Several Zope instances may serve data from a single Data.fs using a ZEO server on the back-end.
- ZEO server #
- ZEO (Zope Enterprise Objects) is the load-balancing system used with Zope. The ZEO server is an storage server that allows multiple Zope instances, called ZEO clients, to connect to a single database. For additional info, see the related chapter in The Zope Book.
- Python path #
- The order and location of folders in which the Python interpreter will look for modules. It's available in python via sys.path. When Zope is running, this typically includes the global Python modules making up the standard library, the interpreter's site-packages directory, where third party "global" modules and eggs are installed, the Zope software home, and the lib/python directory inside the instance home. It is possible for python scripts to include additional paths in the Python path during runtime. This ability is used by zc.buildout.
- Python package #
- A general term describing a redistributable Python module. At the most basic level, a package is a directory with an __init__.py file and some Python code.
- Zope product #
- A special kind of Python package used to extend Zope. In old versions of Zope, all products were directories inside the special Products directory of a Zope instance; these would have a Python module name beginning with "Products". For example, the core of Plone is a product called CMFPlone, known in Python as Products.CMFPlone.
- Python egg #
- A way to package and distribute Python packages. Each egg contains a setup.py file with metadata (such as the author's name and email address and licensing information), as well as information about dependencies. setuptools, the Python library that powers the egg mechanism, is able to automatically find and download dependencies for eggs that you install. It is even possible for two different eggs to concurrently use different versions of the same dependency.

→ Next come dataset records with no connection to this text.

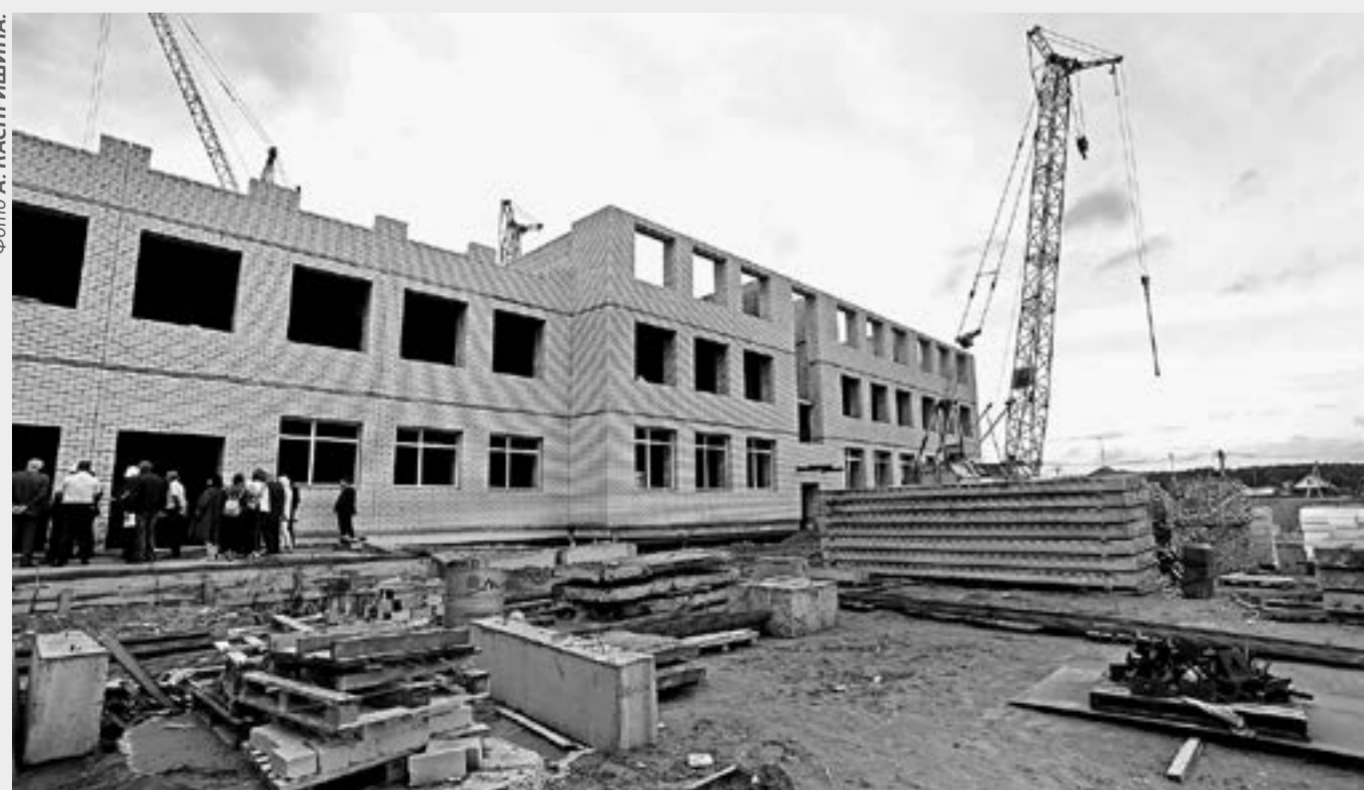
Увеличение стоимости контрактов позволит продолжить строительство социальных объектов.

В связи с ростом цен на строительные материалы за прошлый год были пересмотрены условия 12 краевых контрактов и 21 – в этом году. В целом по краю строительные подряды подорожали на 22%, или на 1,9 млрд руб.
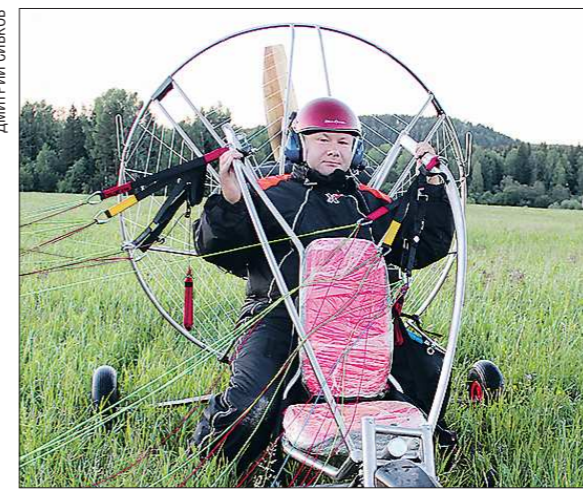
Паралёт — моторный сверхлёгкий летательный аппарат с крылом парашютной конструкции. Пилот (а также двигатель) располагаются на специальном тележке. Для разбега нужна ровная площадка без рытвин и кочек
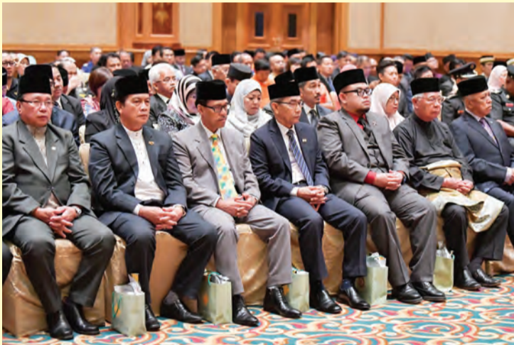
YANG Teramat Mulia berkenan menandatangani ikrar (pledging) untuk memandu dengan selamat (kiri), sementara gambar kanan, antara yang hadir pada Majlis Pelancaran Minggu Keselamatan Jalan Raya sempena Hari Memperingati Mangsa-mangsa Lalu Lintas Jalan Raya Sedunia Tahun 2018.
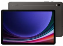
Galaxy Tab S9 / S9+ 5G 128 GB / 256GB
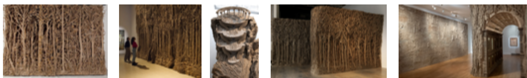
Travail d'Eva Jospin (son médium est le carton)

Pour les plus jeunes, faire raconter l'histoire.
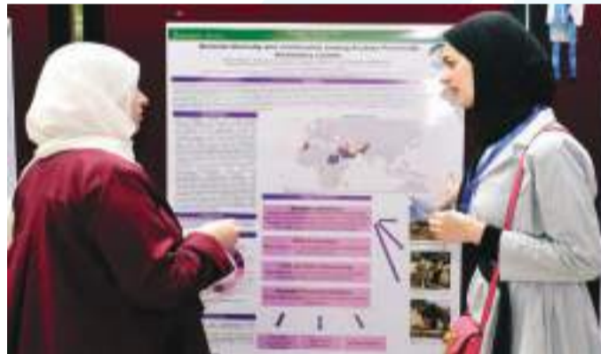
• إحدى المشاركات

Eggs also support a feature called entry points, a kind of generic plug-in mechanism. Much more detail is available at the PEAK website.
- Python Package Index #
- The Python community's index of thousands of downloadable Python packages. It is available as a website to browse, with the ability to search for a particular package. More importantly, setuptools-based packaging tools (most notably, buildout and easy_install) can query this index to download and install eggs automatically. Also known as the Cheese Shop or PyPI.
- easy_install #
- A command-line tool for automatic discovery and installation of packages into a Python environment. The easy_install script is part of the setuptools package, which uses the Python Package Index as its source for packages.
- Namespace package #
- A feature of setuptools which makes it possible to distribute multiple, separate packages sharing a single top-level namespace. For example, the packages plone.theme and plone.portlets both share the top-level "plone" namespace, but they are distributed as separate eggs. When installed, each egg's source code has its own directory (or possibly a compressed archive of that directory). Namespace packages eliminate the need to distribute one giant plone package, with a top-level plone directory containing all possible children, e.g. plone/theme and plone/portlets.
- ZCML #
- Zope Configuration Markup Language. Zope 3 separates policy from the actual code and moves it out to separate configuration files, typically a 'configure.zcml' file in a buildout. This file configures the Zope instance. 'Configuration' might be a bit misleading here and should be thought or more as wiring. ZCML, the XML-based configuration language that is used for this, is tailored to do component registration and security declarations, for the most part. By enabling or disabling certain components in ZCML, you can configure certain policies of the overall application. In Zope 2, enabling and disabling components means to drop in or remove a certain Zope 2 product. When it's there, it's automagically imported and loaded. This is not the case in Zope 3. If you don't enable it explicitly, it will not be found.